Hi,
I think there’s an error in the rules example for alerting about high cpu usage. The documentation says:
alert: node_high_cpu_usage_70
expr: avg(rate(netdata_cpu_cpu_percentage_average{dimension=“idle”}[1m])) by (job) > 70
for: 1m
annotations:
description: ‘{{ $labels.job }} on ‘’{{ $labels.job }}’’ CPU usage is at {{ humanize $value }}%.’
summary: CPU alert for container node ‘{{ $labels.job }}’
but this expression doesn’t return a good value in my opinion.
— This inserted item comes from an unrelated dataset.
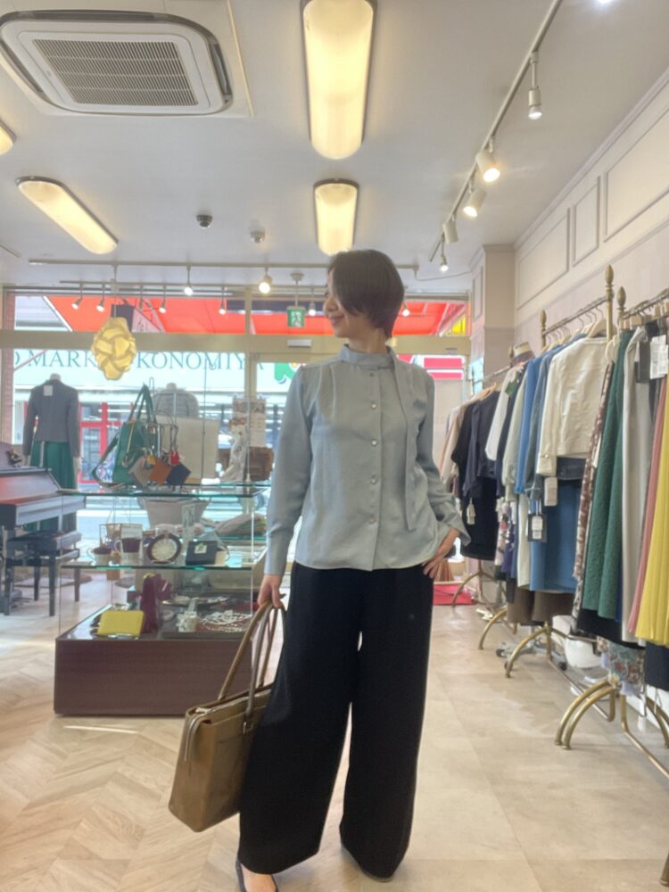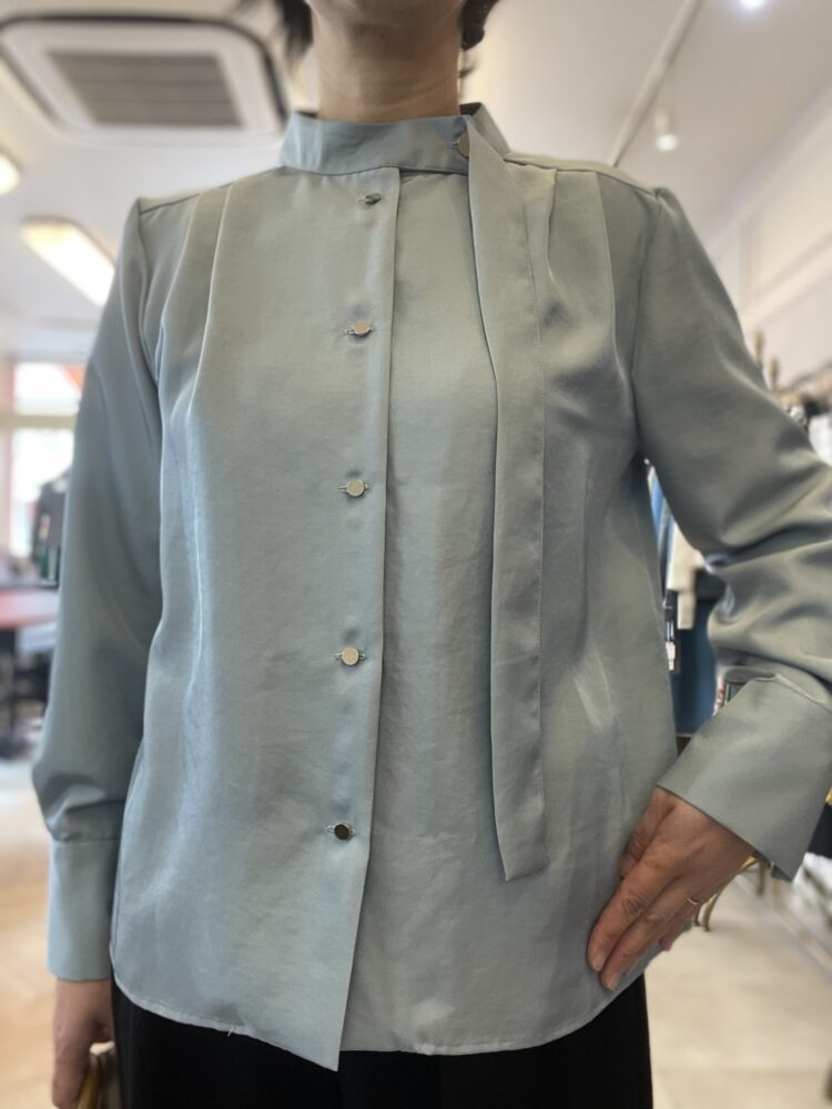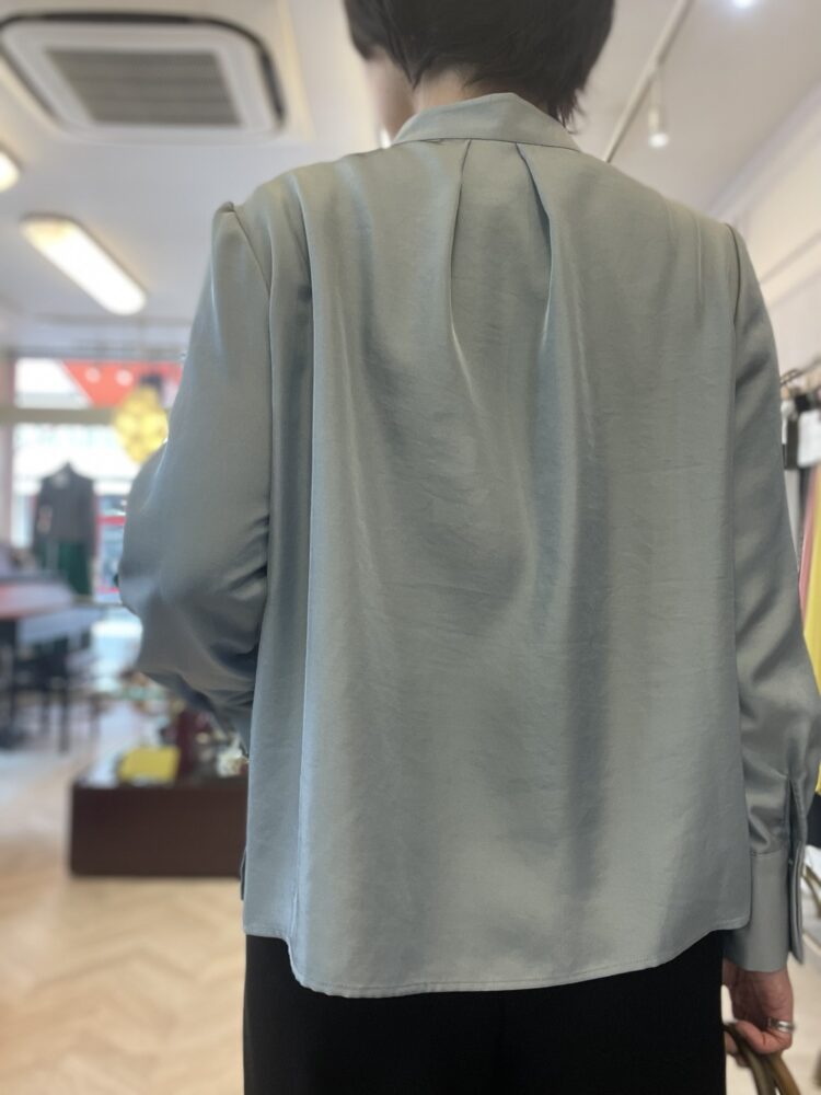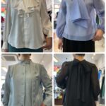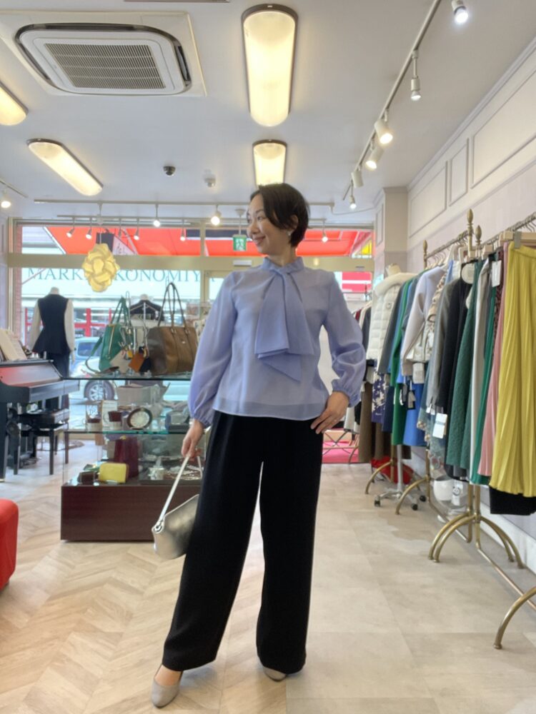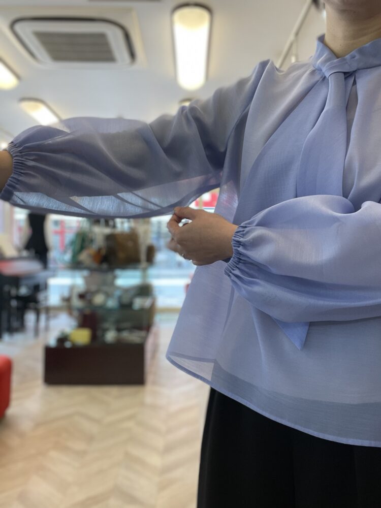 後ろの大きなリボンが華やかな印象のシアーブラウス
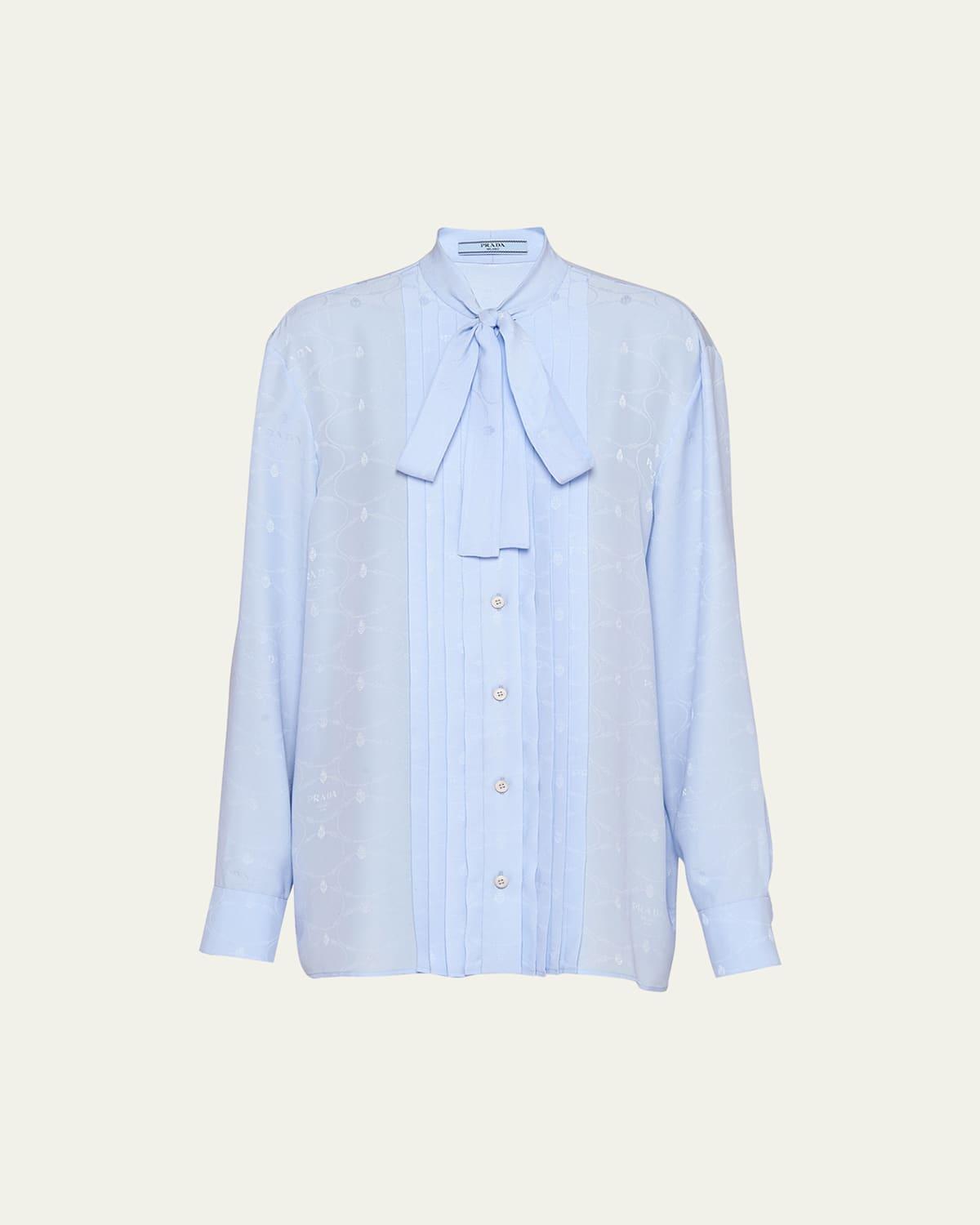 This soft crepe de chine blouse enhanced by the jacquard Savoy knot logo repeated in a delicate all-over pattern expresses sophisticated, feminine allure. The classic silhouette is reinterpreted with a loose fit, while the scarf neck adds a touch of timeless elegance. Straight fit Scarf neck Front button closure Long sleeves with small buttons All-over Savoy knot logo detail Flat pleats on the front Scarf on the front Made in Italy This product is not eligible for extended holiday returns. Lsd Rtw - Prada Rtw > Prada > Saks Fifth Avenue > Barneys. Prada. Color: Blue. Size: 4.

Are you sure about it ? it seems very low for a cpu usage percentage, don’t you think ? However I can’t find the good expression, so if you can help with the correct one…
# sources: as-collected | raw | average | sum | volume
# default is: average
#source: [as-collected]
I see it is not used in Install prometheus.yml, but that CPU rule expression expects it (there is rate function). Apart from it the selector supposed to be !="idle".
sum(sum_over_time(netdata_system_cpu_percentage_average{dimension=~"(user|system|softirq|irq|guest)"}[10m])) by (job) / sum(count_over_time(netdata_system_cpu_percentage_average{dimension="idle"}[10m])) by (job)